[Records excerpted from a collection]

___

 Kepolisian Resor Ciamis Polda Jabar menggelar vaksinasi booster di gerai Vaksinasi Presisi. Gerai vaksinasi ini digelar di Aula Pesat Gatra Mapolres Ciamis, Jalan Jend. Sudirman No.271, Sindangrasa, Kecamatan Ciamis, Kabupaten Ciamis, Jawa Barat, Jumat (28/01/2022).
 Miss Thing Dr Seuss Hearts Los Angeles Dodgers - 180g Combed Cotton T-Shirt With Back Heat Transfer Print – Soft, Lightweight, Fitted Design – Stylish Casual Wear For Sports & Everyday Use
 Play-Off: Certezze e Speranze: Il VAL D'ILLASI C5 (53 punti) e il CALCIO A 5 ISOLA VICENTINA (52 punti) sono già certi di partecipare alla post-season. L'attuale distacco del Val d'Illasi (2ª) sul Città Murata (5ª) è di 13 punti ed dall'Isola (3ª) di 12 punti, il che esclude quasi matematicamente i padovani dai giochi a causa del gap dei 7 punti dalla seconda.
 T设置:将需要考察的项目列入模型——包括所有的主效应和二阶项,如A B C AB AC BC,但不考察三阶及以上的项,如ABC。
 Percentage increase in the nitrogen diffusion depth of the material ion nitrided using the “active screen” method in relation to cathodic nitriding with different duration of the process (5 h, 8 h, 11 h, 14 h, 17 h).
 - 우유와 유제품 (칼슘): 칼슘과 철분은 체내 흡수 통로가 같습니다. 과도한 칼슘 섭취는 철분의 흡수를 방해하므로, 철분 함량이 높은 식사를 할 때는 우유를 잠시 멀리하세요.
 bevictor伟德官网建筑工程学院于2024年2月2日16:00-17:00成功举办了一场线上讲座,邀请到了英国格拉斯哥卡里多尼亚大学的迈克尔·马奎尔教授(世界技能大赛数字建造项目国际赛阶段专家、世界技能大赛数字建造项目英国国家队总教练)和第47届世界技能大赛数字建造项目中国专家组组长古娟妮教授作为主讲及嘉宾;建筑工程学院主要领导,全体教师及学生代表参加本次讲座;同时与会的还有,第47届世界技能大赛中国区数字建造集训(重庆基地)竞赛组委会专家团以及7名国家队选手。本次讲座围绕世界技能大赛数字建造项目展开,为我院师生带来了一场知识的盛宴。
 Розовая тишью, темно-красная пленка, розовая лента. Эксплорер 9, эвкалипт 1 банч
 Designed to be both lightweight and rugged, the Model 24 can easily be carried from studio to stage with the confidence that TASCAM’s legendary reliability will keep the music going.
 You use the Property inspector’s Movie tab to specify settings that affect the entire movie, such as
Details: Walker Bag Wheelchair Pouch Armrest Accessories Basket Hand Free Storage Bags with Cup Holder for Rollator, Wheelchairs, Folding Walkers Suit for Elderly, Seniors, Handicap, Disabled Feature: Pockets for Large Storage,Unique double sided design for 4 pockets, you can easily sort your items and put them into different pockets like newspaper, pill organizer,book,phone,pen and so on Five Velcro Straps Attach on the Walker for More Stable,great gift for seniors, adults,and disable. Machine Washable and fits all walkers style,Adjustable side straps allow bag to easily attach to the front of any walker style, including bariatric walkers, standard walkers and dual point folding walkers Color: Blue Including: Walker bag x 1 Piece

___

- _PROBLEM REQUIREMENTS_: Lines with the word "that" in them should be copied from the preceding records.

- _ANSWER_:
 Designed to be both lightweight and rugged, the Model 24 can easily be carried from studio to stage with the confidence that TASCAM’s legendary reliability will keep the music going.
 You use the Property inspector’s Movie tab to specify settings that affect the entire movie, such as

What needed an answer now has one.